PINNSim: A Simulator for Power System Dynamics based on Physics-Informed Neural Networks

TL;DR

PINNSim introduces a physics-informed neural network-based simulator that significantly increases time step sizes in power system dynamics simulations, potentially reducing computational costs compared to traditional methods.

Contribution

The paper presents PINNSim, a novel neural network-based simulator that enables larger time steps for power system dynamic simulations, improving efficiency over conventional methods.

Findings

PINNSim achieves larger time steps than traditional trapezoidal integration.

Demonstrated on a 9-bus system, PINNSim accelerates simulation times.
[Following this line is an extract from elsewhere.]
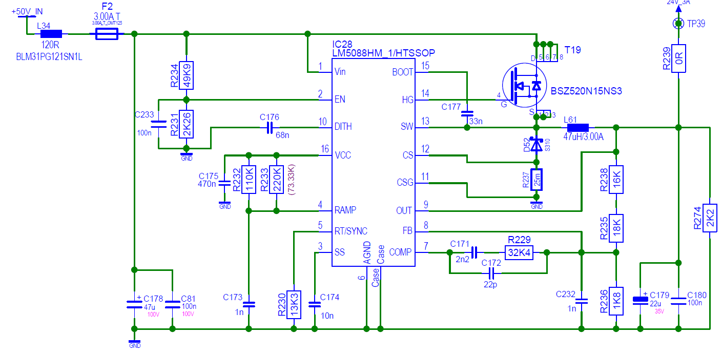 我现在的问题是、在某些器件上、电源始终良好(3A 时为24V)、但在某些器件上、在2A 至2.5A 的负载下、电压下降至大约15V、而低于15V

Key steps outlined for developing a comprehensive PINNSim platform.

Abstract

The dynamic behaviour of a power system can be described by a system of differential-algebraic equations. Time-domain simulations are used to simulate the evolution of these dynamics. They often require the use of small time step sizes and therefore become computationally expensive. To accelerate these simulations, we propose a simulator - PINNSim - that allows to take significantly larger time steps. It is based on Physics-Informed Neural Networks (PINNs) for the solution of the dynamics of single components in the power system. To resolve their interaction we employ a scalable root-finding algorithm. We demonstrate PINNSim on a 9-bus system and show the increased time step size compared to a trapezoidal integration rule. We discuss key characteristics of PINNSim and important steps for developing PINNSim into a fully fledged simulator. As such, it could offer the opportunity for significantly increasing time step sizes and thereby accelerating time-domain simulations.